Roosevelt’s life was broad in the truest sense of the word. He was the author of 35 books; as well as a collection of 150,000 letters at the Library of Congress; he travelled through Africa from South to North, and journeyed the Amazon on scientific expeditions. Roosevelt stands as an enormous figure in comparison to other Presidents – because he wanted to experience life to its maximum; to be immersed in living.

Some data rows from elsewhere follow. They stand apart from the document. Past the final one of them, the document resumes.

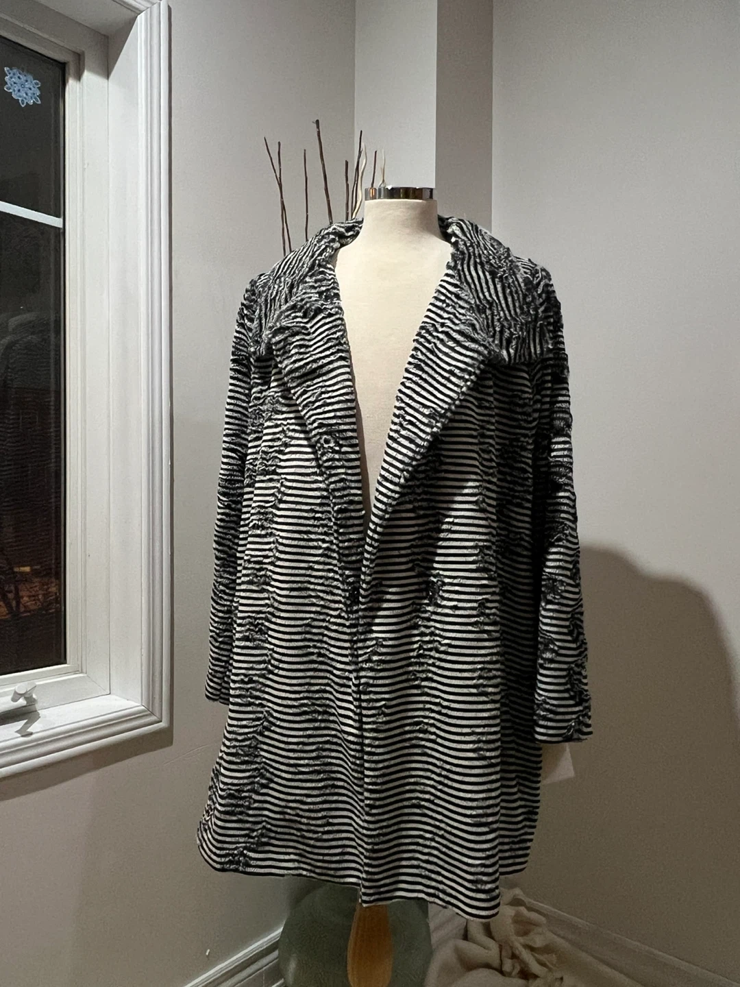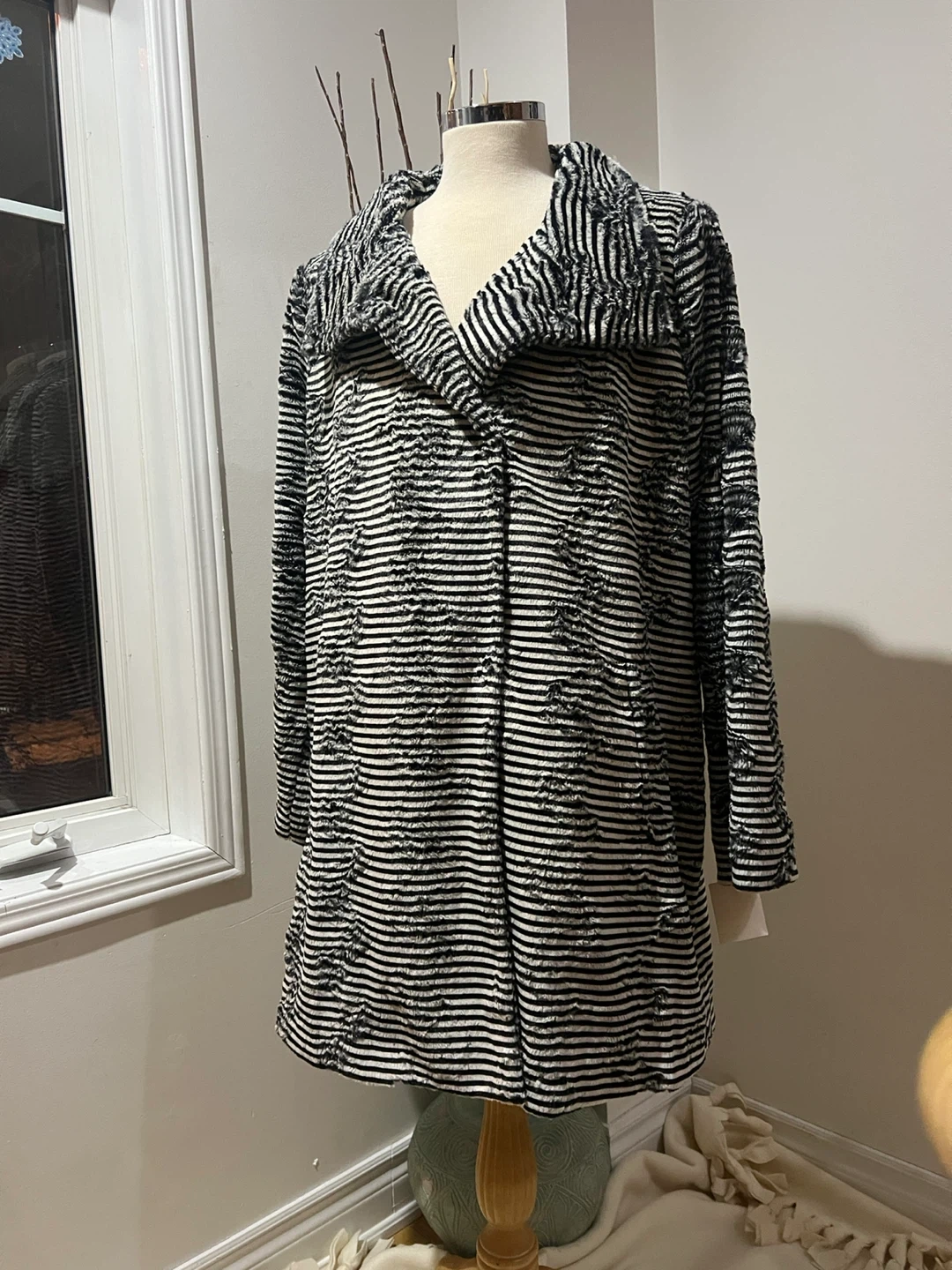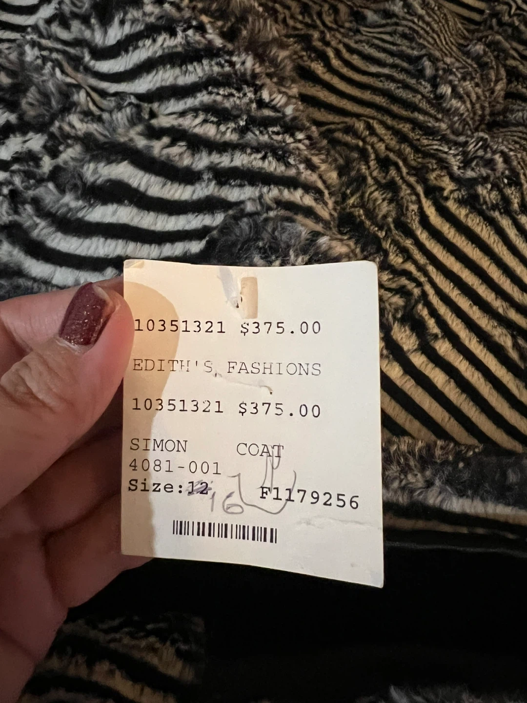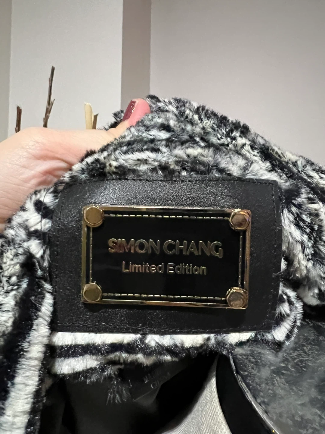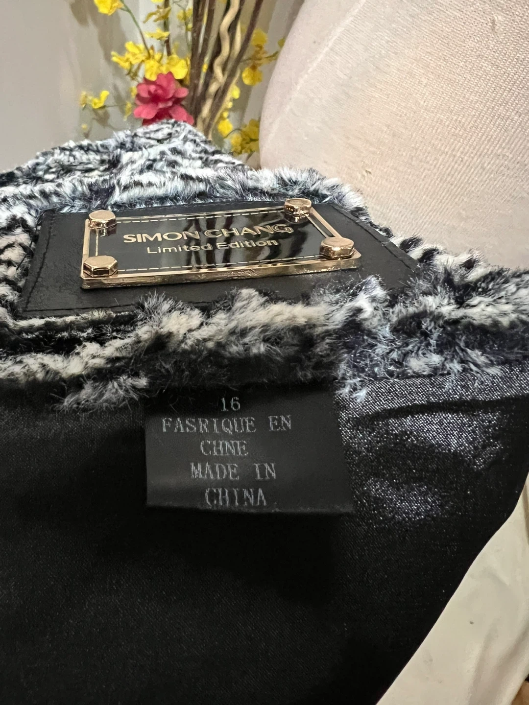 This is a Simon Chang Limited Edition coat in a size 16. It's a unique piece with a distinctive pattern. Originally bought for $375. Never been used.
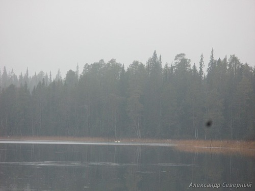 Мы ж сидим себе на бережку. Глядим на лес, озеро, на первый и последний лед, на моросящий дождь, серое небо, вдыхаем запахи будущей весны. И не хорошо нам и не плохо. Просто мы счастливы тайгой.
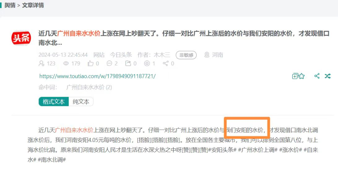 当然,舆情发酵,不可能完全则此想起,我们还需要从现实中的数据逐步分析,得出一个科学合理的判断。我们在介绍舆情管理系统时,结合其它水务舆情案例,一一为大家解读。
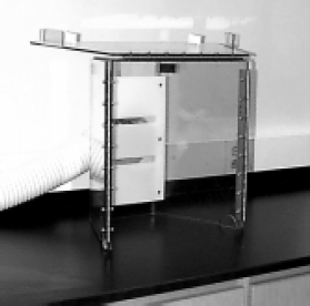 As part of the recent renovation of our undergraduate chemistry laboratories, we were faced with the problem of what to do about hood facilities for the general chemistry laboratories. We wished to have hoods available for all students, but because these would be used only occasionally, installation of full-size hoods was not considered either cost or space effective. The alternative was small bench-top hoods, but other criteria, including ease of storage, flexibility of location, and visibility throughout the laboratory made the commercially available units that we could find unsatisfactory1. None of the commercial designs offered easy storage (unless they were very small to begin with) or the ability to take up minimal bench space while still being functional. In the end, we designed our own and will describe it here for anyone who has similar requirements.
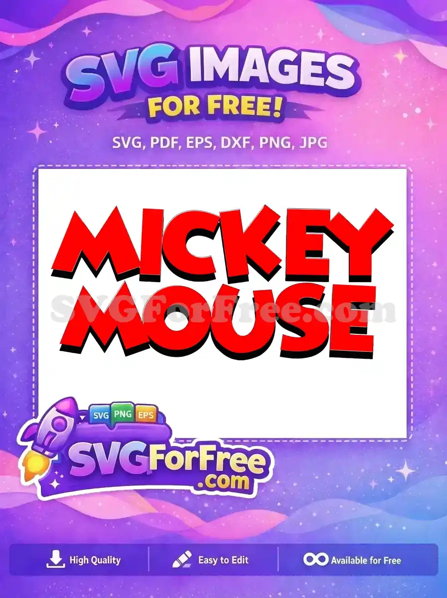 Red “MICKEY MOUSE” text stacked in two lines, a free design.
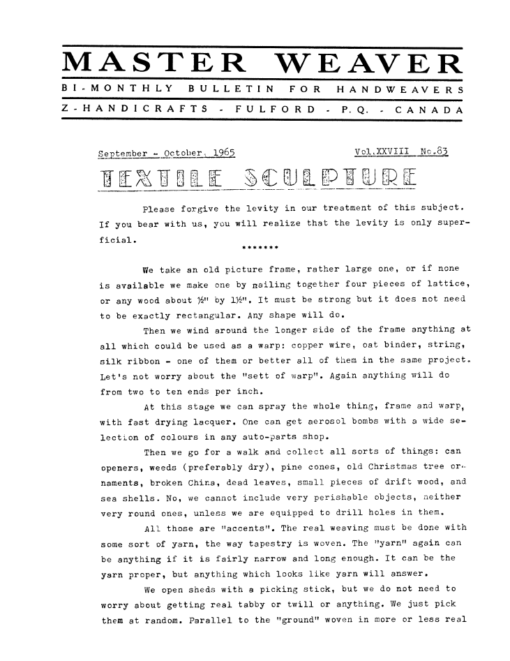 Textile Sculpture, ---. Master Weaver, Vol. 28 No. 83 September 1965, 4 pages. Note: PDF provided by Judith Combs. By permission. Posted July 15, 2006. SAMPLE PAGE. File size 749 KB PDF
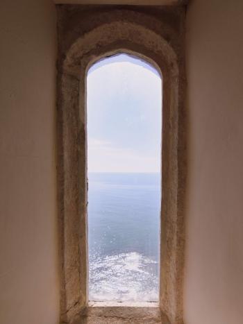 The climb up follows a winding path of uneven cobbles and stepped rock sections, and was no easy feat. It took a little while, but we all got there in the end. There are some terrific views from the top of the boats ferrying people below and the surrounding coast. We had a bit of a sit in the sunshine on the rocks just outside the castle entrance and Dani managed to spot a seal in the sea below! After a bit of a rest, we headed into the castle to wander around the historic rooms, it was all very insteresting, and although there was a steady stream of people, it wasn't exactly busy.
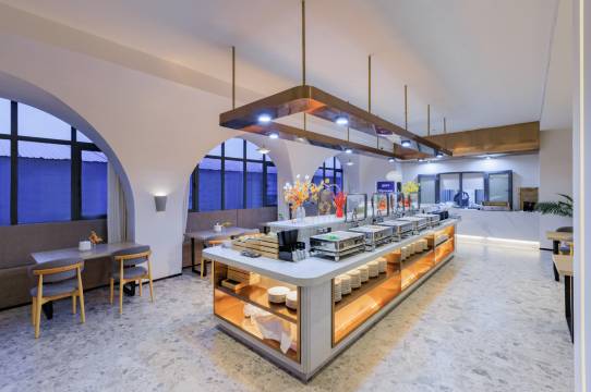 丰富早餐,开启活力一天:酒店的早餐种类丰富,中西式菜品应有尽有,新鲜水果、精致糕点、现煮咖啡……每一口都能感受到食材的用心和美味,为一天的行程注满能量。
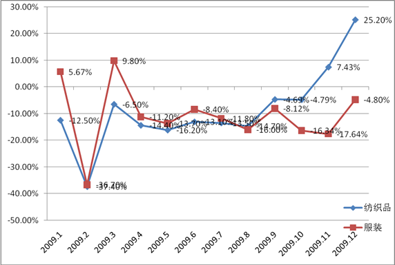 日前,根據海關(guan) 總署公布的2009年出口整體(ti) 數據,2009年12月我國紡織品出口同比增長達25%,服裝也隻有不到5%的同比負增長,是全年出口恢複最好的一個(ge) 月。
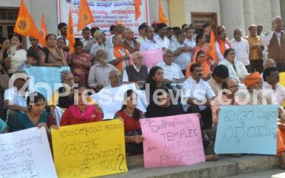 Event Description : Members of Vishwa Hindu Parishad protesting against Chief Minister K Siddaramaiah, at Town Hall, in Bengaluru on Wednesday 24th December 2014
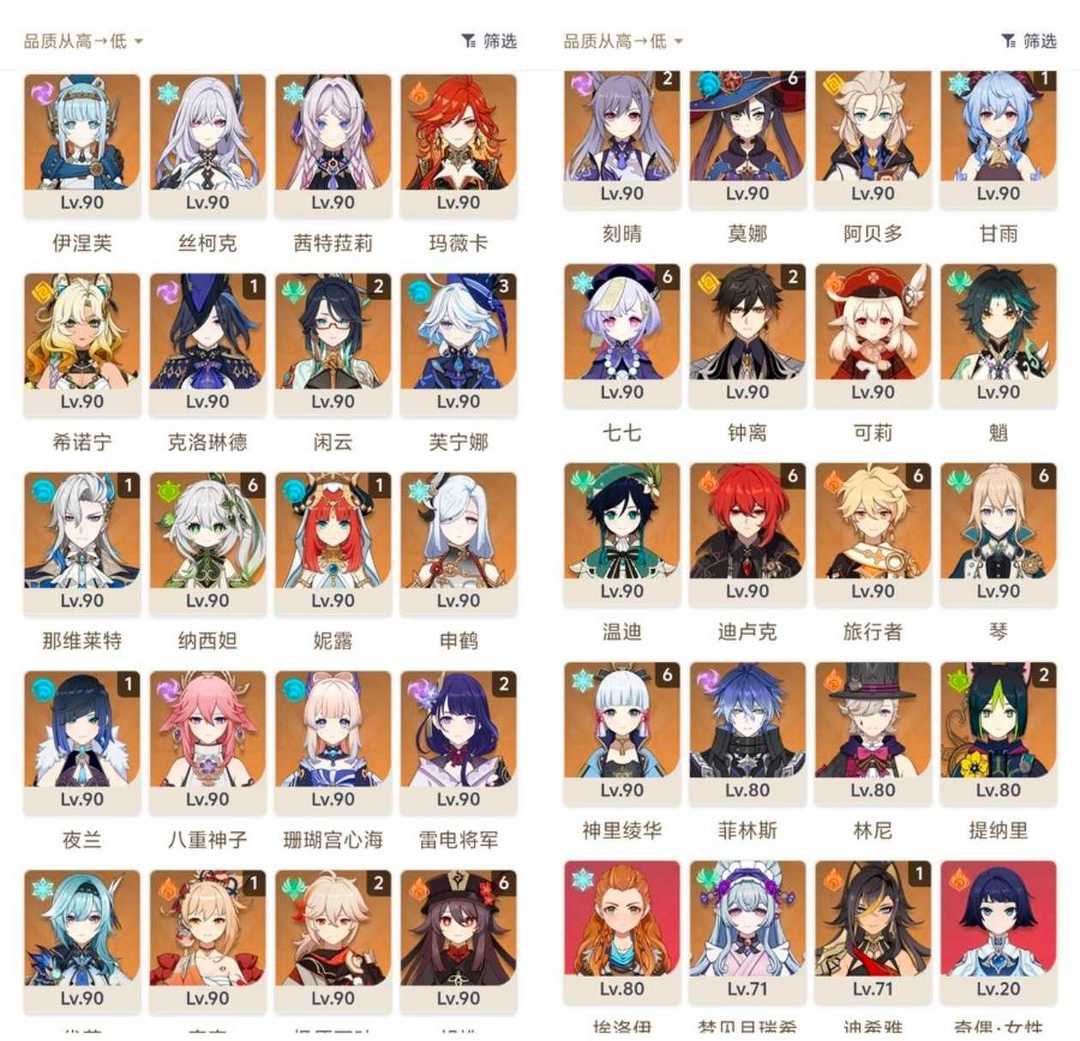 速玩⚡️41五星角色【全皮肤】❤️6满命胡桃6纳西妲6神里绫华✨3芙宁娜2钟离2闲云2万叶

So what was the key that ignited Roosevelt’s uncommon passion for living – what was his motivating force to live a life of greatness? Clearly it was his father – Theodore Roosevelt Sr. Roosevelt Jr. would write about his father: “I was a sickly delicate boy who suffered much from asthma. One of my memories is of my father walking up and down the room with me in his arms at night. The thought of him now and always has been a sense of comfort. I could breathe, I could sleep when he had me in his arms. My father! He got me breath, he got me lungs, strength, life!” Roosevelt Sr., was adamant that whereas his darling boy may be ill – he was not to be treated as an invalid. Misfortune and hardship befalls many a man, but it is how the man responds that tests the mettle of who he is, and what he will become. Roosevelt would say of his father: “My father, Theodore Roosevelt (Sr.), was the best man I ever knew. He combined strength and courage with gentleness, tenderness and great unselfishness.” Such a tribute coming from a man who knew some of history’s greatest leaders and writers personally, speaks enormously as to how Roosevelt perceived his father.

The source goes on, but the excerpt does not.